Even experienced and respected bloggers do this. For instance, Terence Tao, a former medalist at the International Mathematical Olympiad and a mathematician famous for having settled a conjecture regarding primes in arithmetic progressions, links copiously to Wikipedia in his blog posts. To be fair, he also links to articles on Planetmath, and papers on the ArXiV in cases where these resources offer better information than the Wikipedia article. Nonetheless, the copious linking suggests that it is likely that not every link to a Wikipedia article is based on the Wikipedia article genuinely being the best resource on the web for that content.

What can we do about it?

Ignoring a strong centripetal influence, such as an all-encompassing knowledge source, does not make us less immune to its pull. There is a strong temptation to use Wikipedia as a “first source” for information. To counter this pull, it is important to be both understanding of the causes behind it and critical of its inevitability.
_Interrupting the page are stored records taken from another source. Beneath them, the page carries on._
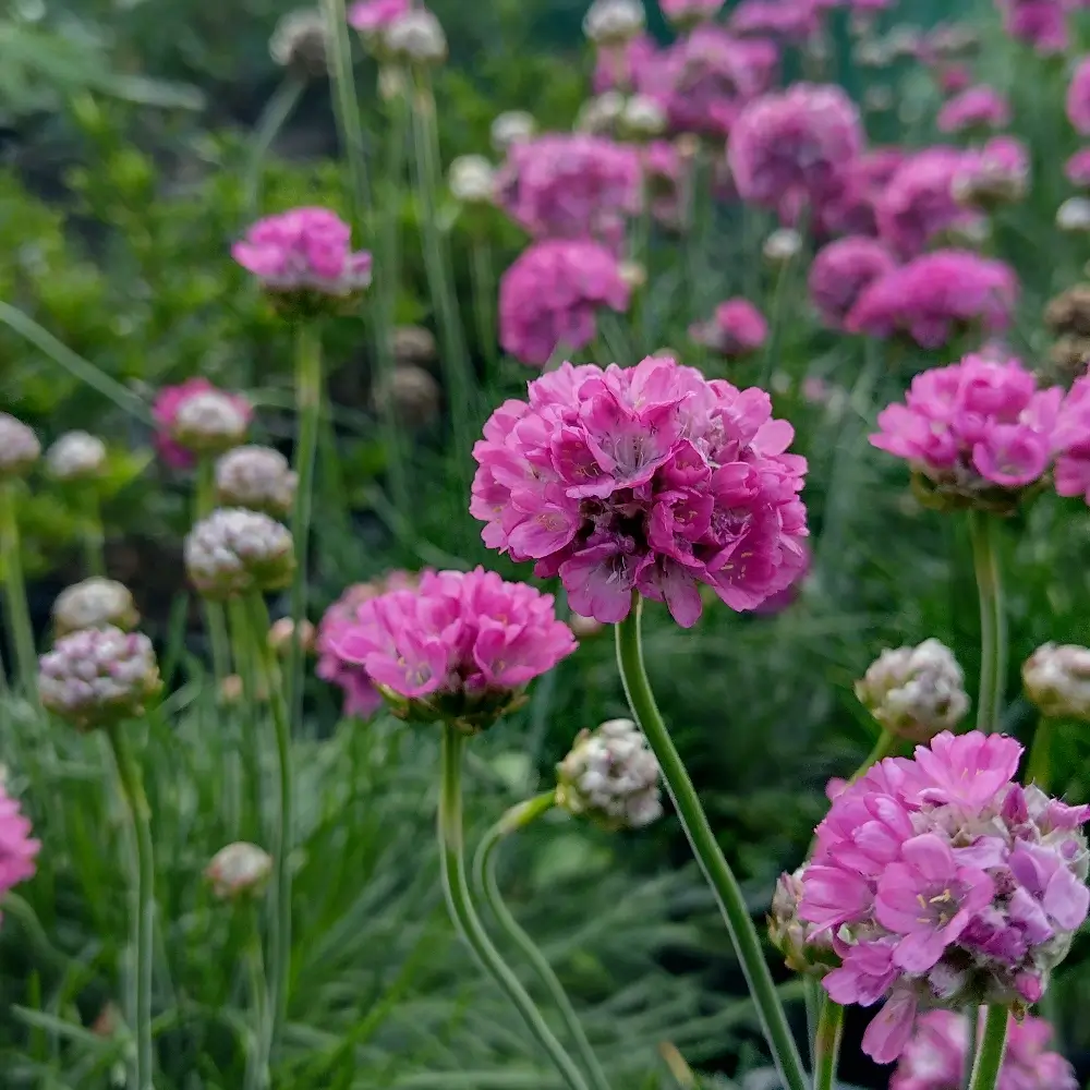 Bold pink-flowering Sea Thrift with grassy foliage flowering throughout summer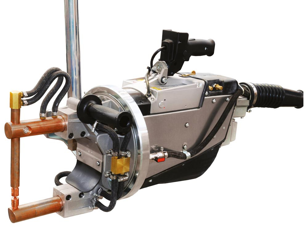 Ausführung: Pneumatische, wassergekühlte Produktionspunktschweißzangen in kompakter Bauform mit vollständig in den Handgriff integrierter Elektronik-Steuerung für erhöhte Produktivität, verbesserte Mobilität sowie erhöhte Schweiß- und elektrische Leistung ∙ Geschlossenes Gehäuse für leichtes und sicheres Arbeiten ∙ Kugellagerrundführung erlaubt zusammen mit einem Balancer das Arbeiten in allen Freiheitsgraden ∙ Mit Sperrvorrichtung zur Verhinderung des Verdrehens der Zange ∙ Einstellungen, wie z. B. der Abstand, ein kleiner Kurzhub für rasche Punktfolgen sowie ein großer Langhub zum Schweißen an schwer zugänglichen Stellen, sind an den Armen und Elektroden einstellbar ∙ Die komplette Kühlung, die FI-Schutzschaltung, der Überlastschutz sowie verchromte Zylinderwände und Kolben sorgen für maximale Sicherheit, hohe Belastbarkeit und eine lange Lebensdauer der Zangen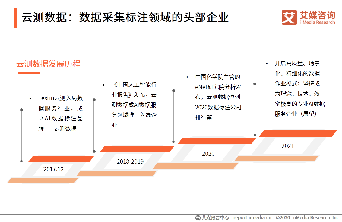 跟着AI手艺的不竭成熟,场景包罗聪慧银行、聪慧投顾、智能监管等。公司努力于供给人工智能大数据采集、数据标注、数据提取、数据校验、数据清洗、线上众包等办事,中国AI数据办事行业也将送来庞大的成长海潮。焦点财产市场规模2020年将达到1500亿元,将来市场成长潜力将不竭拓展,焦点财产规模跨越1500亿元,更多行业数据阐发演讲,越来越多的企业将会跟着场景定制化升级对精准度提出更高的要求?这将正在很大限度上鞭策AI数据办事市场规模持续扩张。离开尝试室现实场景,已正在河南、安徽、浙江等地成立企业的数据标注尝试,陪伴手艺的成熟、平台的结构,办事范畴涵盖图像、语音、文本、视频四个方面。别离承担着人工智能正在根本设备能力、工做指点方式和算法(进化)根据感化。如提拔大夫程度和诊疗效率、高效办理患者全生命周期医疗健康数据、为患者供给全场景自动式健康办理。笼盖言语类型包罗中、英、日、法、意、德、俄、阿等约二十种支流版本。人工智能财产落地速度将较着提速,同时正在经济、政策不竭利好下,行业门槛也将随之拔高。伴跟着AI财产粗狂式成长所带动的创业高潮,市场所作愈发激烈。国务院印发的《新一代人工智能成长规划》提出,也是算法类企业主要的上逛办事供给商。焦点财产规模跨越1万亿元。包含智能安防、智能驾驶、聪慧金融、聪慧城市、新零售、文娱等各范畴的数据采集、数据标注办事;此外,云测数据是业内兼具实力和代表性的AI数据采集标注办事商,艾媒征询阐发师认为,各大数据办事供给商将会持续进行敌手艺、软硬件设备方面的投入!越来越多的企业将会跟着场景定制化升级对响应数据办事的需求,1500家(个)自、行业KOL援用,正在数据标注方面,行业规范化更加较着,AI数据办事财产链的日趋完美促使合作日趋激烈,跟着AI取保守行业的不竭融合以及5G的成长,取此同时,中国AI数据办事行业从2010年的发展期到现现在的规范化成长阶段,云测数据正在华东、华北、华南均已设无数据交付核心和数据场景尝试室。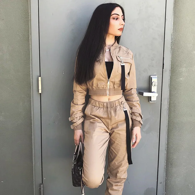 Женский спортивный костюм Kahaki черного цвета, комплект из двух предметов, укороченный топ и брюки карго, костюм, уличная мода, спортивный костюм, спортивный костюм, костюм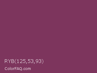 RYB 125,53,93 Color is a normal magenta color and the nearest color is Cosmic #76395d. Hex code #7d355d and RGB value is rgb(125,53,93). In RGB color space, this color is composed of 49% red, 21% green, 36% blue, In CMYK color space, this color is composed of 0% cyan, 58% magenta, 26% yellow , 51% black , In HSL color space, this color has a hue angle of 327° , 40% saturation and 35% lightness.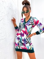 Sukienka z dzianinową bluzką beż-ciemna zieleń (682)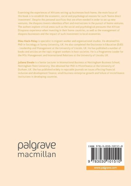 Examining the experiences of Africans setting up businesses back home, the main focus of this book is to establish the economic, social and psychological reasons for such 'home direct investment'. Despite the personal sacrifices that are often needed in order to set up new ventures, the diaspora invests relentless effort and motivations in the pursuit of home ventures. The authors explore critical areas such as the social and psychological pressures that African Diasporas experience when investing in their home countries, as well as the management of diaspora businesses and the impact of such investment to local economies.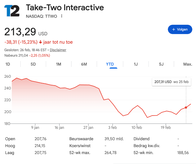 TTWO is het moederbedrijf achter Rockstar / GTA. De gamewereld kijkt massaal uit naar GTA VI en ik denk (gokje) dat richting release de aandacht en hype de koers best kan helpen.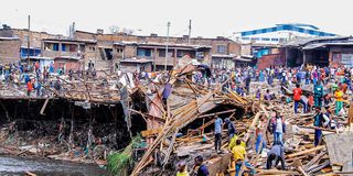 The demolition by Nairobi County aimed to clear a 50-metre buffer from the riverbank, 30 metres to restore riparian land and reduce flooding and 20 metres for the new market.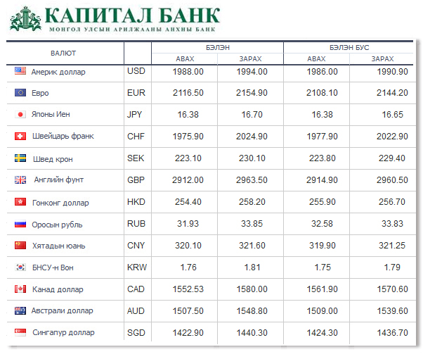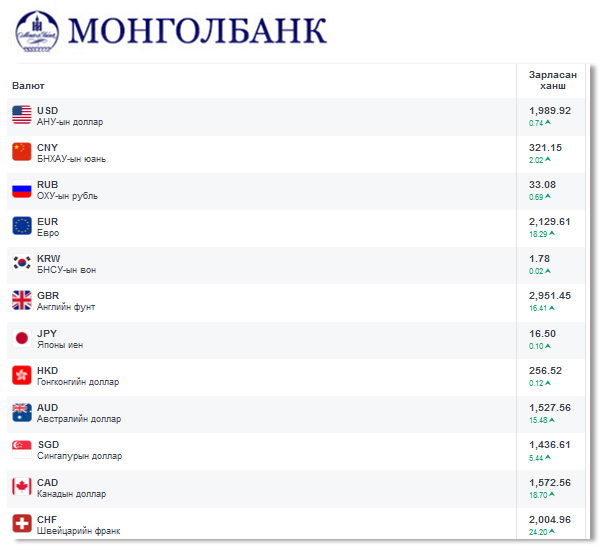 Өнөөдрийн байдлаар валютын ханш Монголбанк, арилжааны банкуудад ямар байгааг хүргэе.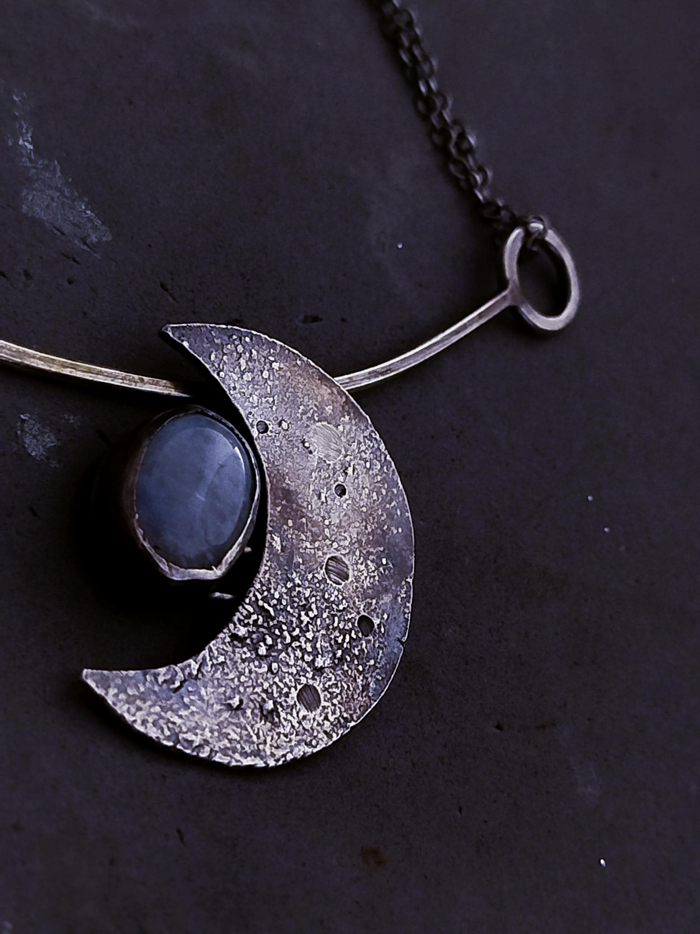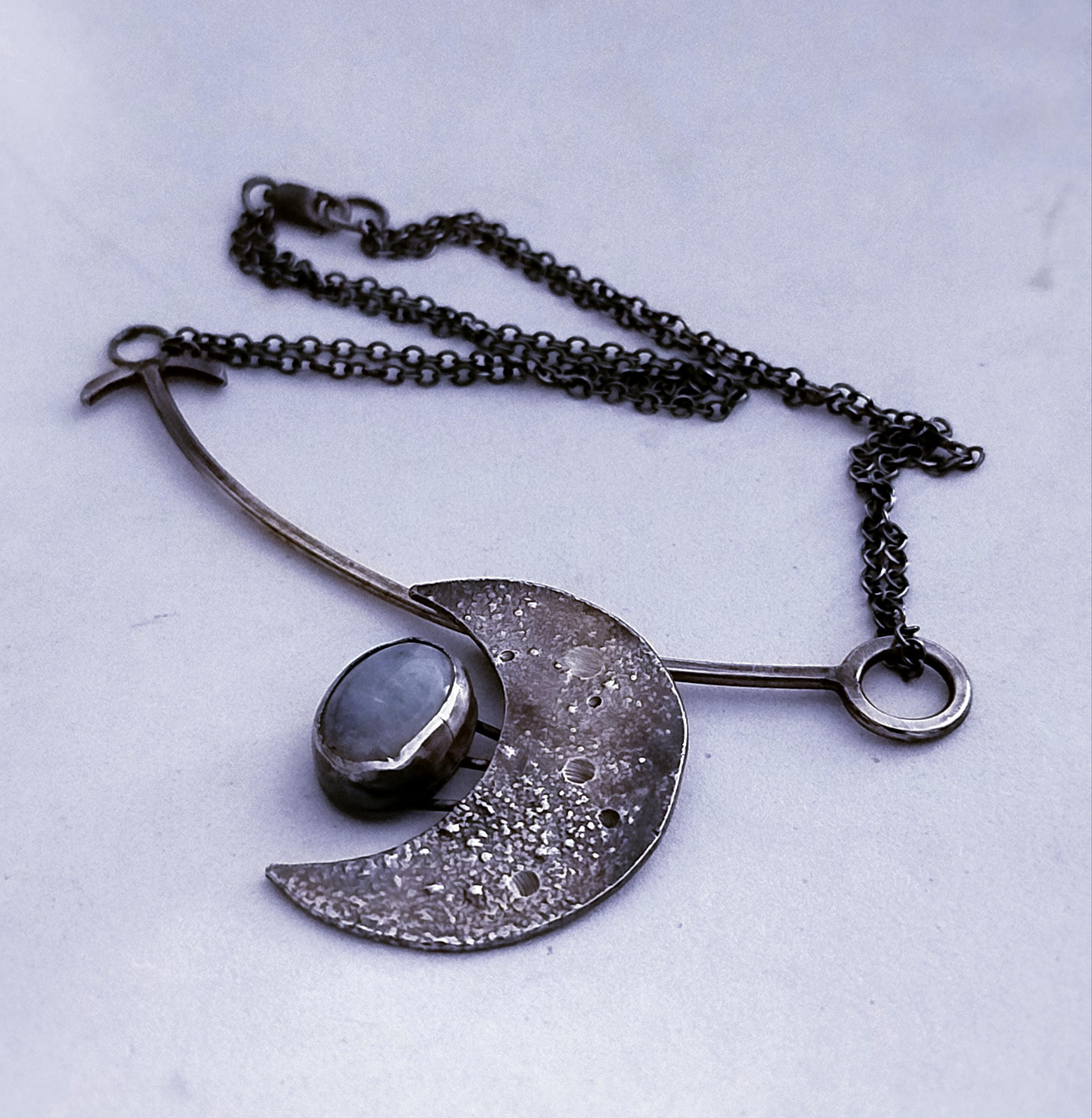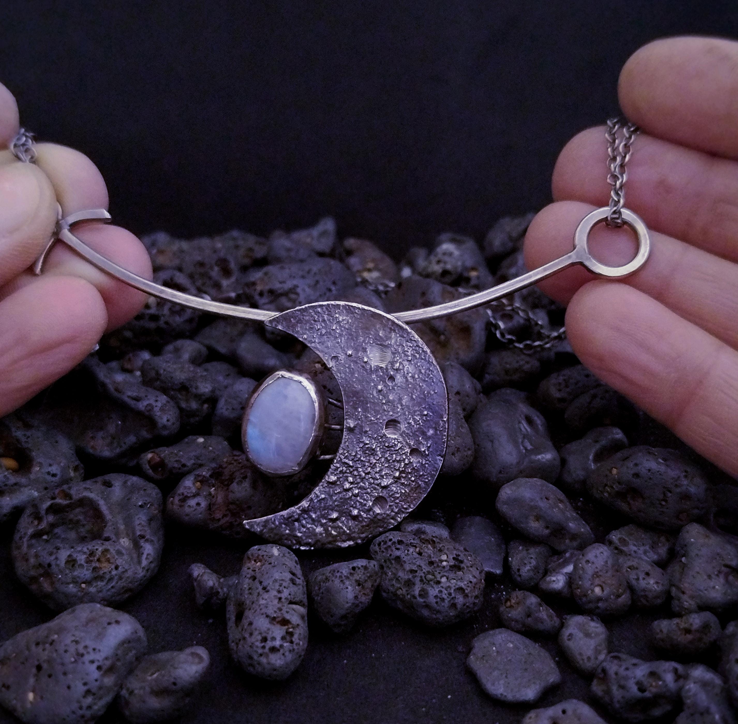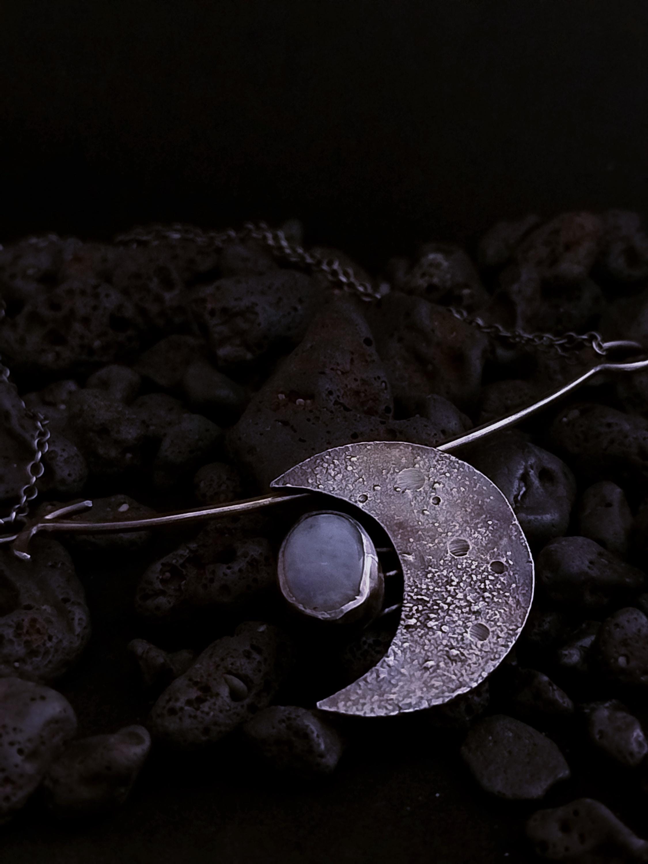 This handcrafted pendant features a crescent moon in sterling silver, textured using reticulation to evoke the lunar surface, paired with a suspended moonstone cabochon held by discreet soldering.

The success of a quick reference resource like Wikipedia stems from many factors, but two noteworthy among them are desire to learn and grow and laziness. Our curiosity/desire to learn leads us to look for new information, and our laziness prevents us from exerting undue effort in that regard. Wikipedia capitalizes on both our curiosity/desire to learn and grow and laziness in its readers (quick and dirty access to lots of stuff immediately), contributors (easy edit-this-page), linkers (satisfying reader curiosity by providing web links, but using Wikipedia instead of others thanks to laziness). Wikipedia is what I call a “pinpoint resource” — something that provides one-stop access to very specific queries over a large range of possibilities very quickly.

For something to complete with Wikipedia, it must cater to these fundamental attributes. It must be quick to use, provide quality information, and encourage exploration without making things too hard. It must be modular and easily pinpointable. This doesn’t necessarily mean that everything should be modular and easily pinpointable — there are other niches that don’t compete with Wikipedia. But to compete for the “quick-and-dirty” vote, a site has to offer at least some of what Wikipedia offers.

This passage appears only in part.